Column | How Biden is limiting online privacy even further than Trump

When Biden succeeded Trump, he not only threw out the so-called Muslim ban (which prohibited entry from Muslim-majority countries), he also announced that he would look critically at another element of Trump’sextreme fat‘-policy. Namely, the stipulation that nearly 15 million incoming foreigners should use their social media handles must state on their visa application. Everything from the past five years, from twenty platforms – including Facebook, Twitter and YouTube.

This spring it became clear that the Biden administration has, shall we say, changed its mind. The proposal now on the table expands the social media dragnet by an additional 15 million travelers, this time for people flying on an ESTA. This is a simplified travel permit, used by almost all Europeans traveling to the US. For the time being, it is optional to share your Twitter or Instagram account with the US, but that will become mandatory if it is up to Biden. Lying risks “serious consequences.”

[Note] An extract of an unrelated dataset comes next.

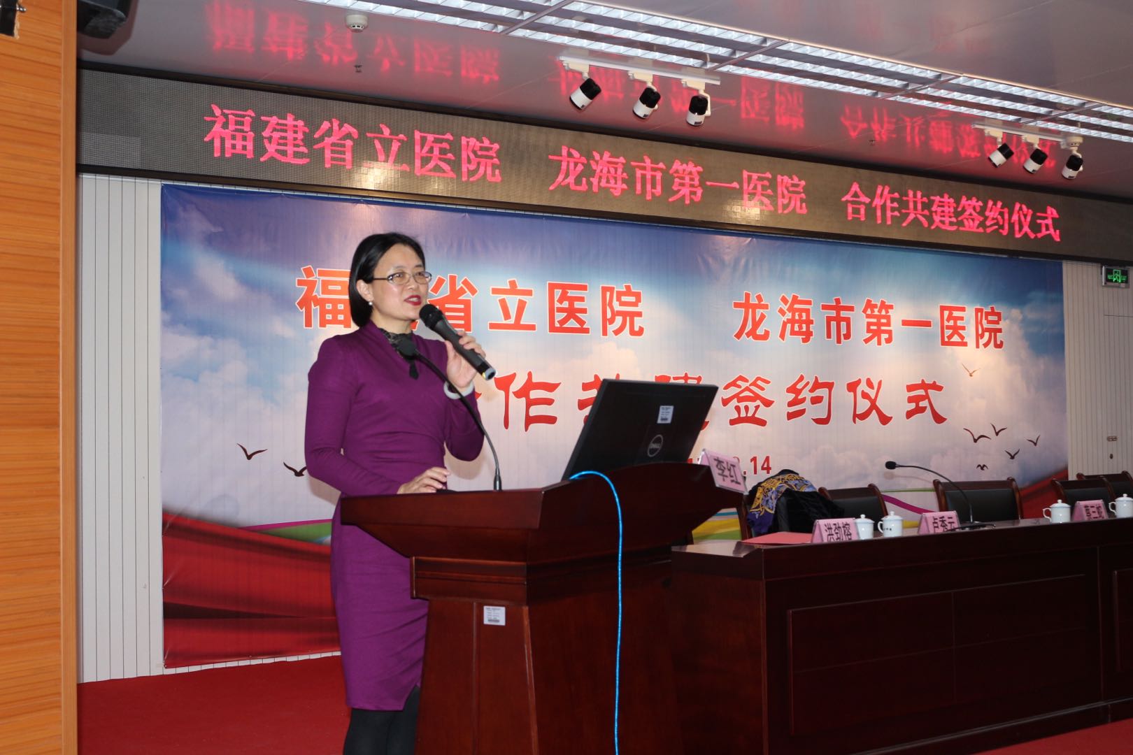 12月14日,福建省立医院、龙海市第一医院医联体签约授牌签约仪式在龙海市第一医院顺利举行。至今,我院医联体成员扩增至20个。院领导李红、游振辉,龙海市常务副市长蔡三蛇、宣传部长张碧兰、副市长卢秀云、漳州市卫计委及龙海市卫计局领导、龙海市第一医院洪劲榕院长等参加签约仪式。

I spoke to two lawyers at the Knight First Amendment Institute in New York. Anna Diakun and Carrie DeCell find the steady expansion of the surveillance state under Biden deeply concerning. Diakun fears a negative effect on freedom of expression: that people (for example activists) self-censor online for fear of not being allowed to enter the country. Where they might want to apply for asylum. And what if countries like Iran or Russia carry out cyber attacks on the US in order to extract this data from them?

The institute Diakun and DeCell work for, which specializes in law and freedom of expression, filed an official request this summer to inspect Biden’s proposal. Because why is he expanding surveillance instead of reducing it, as he had suggested? What is the justification? What effectiveness does the government claim in this expansion of violating the privacy of millions of people? Preventing attacks? The only justification now in the proposal: the policy “will improve the vetting process and help confirm travelers’ identities.” Apparently a passport is not enough for that.

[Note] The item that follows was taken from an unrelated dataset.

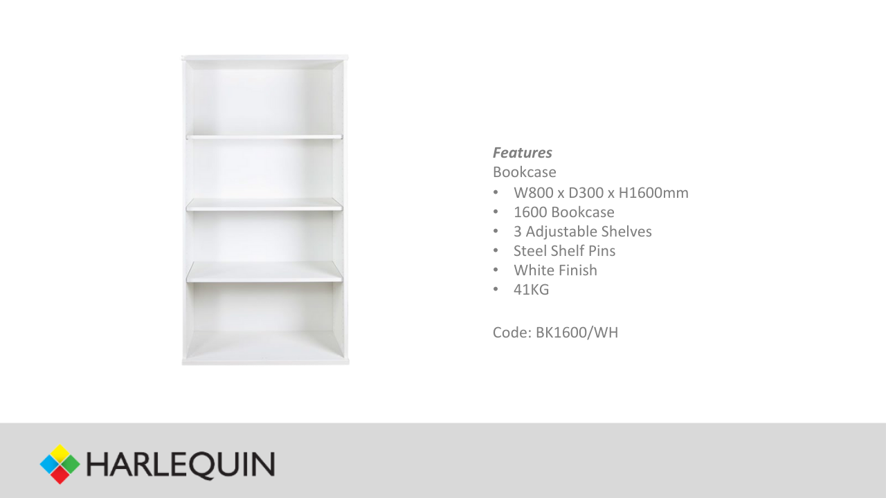 White 1600h Open Bookcase Unit

In August, the answer to the lawyers’ request fell on the mat: application rejected. The avenues of US security policy – ​​Democratic or Republican – are unfathomable. On purpose, as it turns out.

Via Zoom I speak to Frederik Zuiderveen Borgesius, professor of ICT & Law (Radboud). Is the Netherlands considering such a policy? “Luckily not.” Europe takes privacy more seriously than the US, where it is enshrined in treaties. In the US, the Fourth Amendment remains with the Constitution, which mainly deals with unreasonable searches. Is there anything that the Netherlands or the EU can do against privacy violations by incoming Europeans? “I don’t give that much chance of success, you still have to accept each other’s national law and policy.”

Zuiderveen Borgesius joins the American lawyers: if the US implements this, there is a good chance that other countries will follow. “It normalizes creepy surveillance.”

Madeleijn van den Nieuwenhuizen writes here every other week.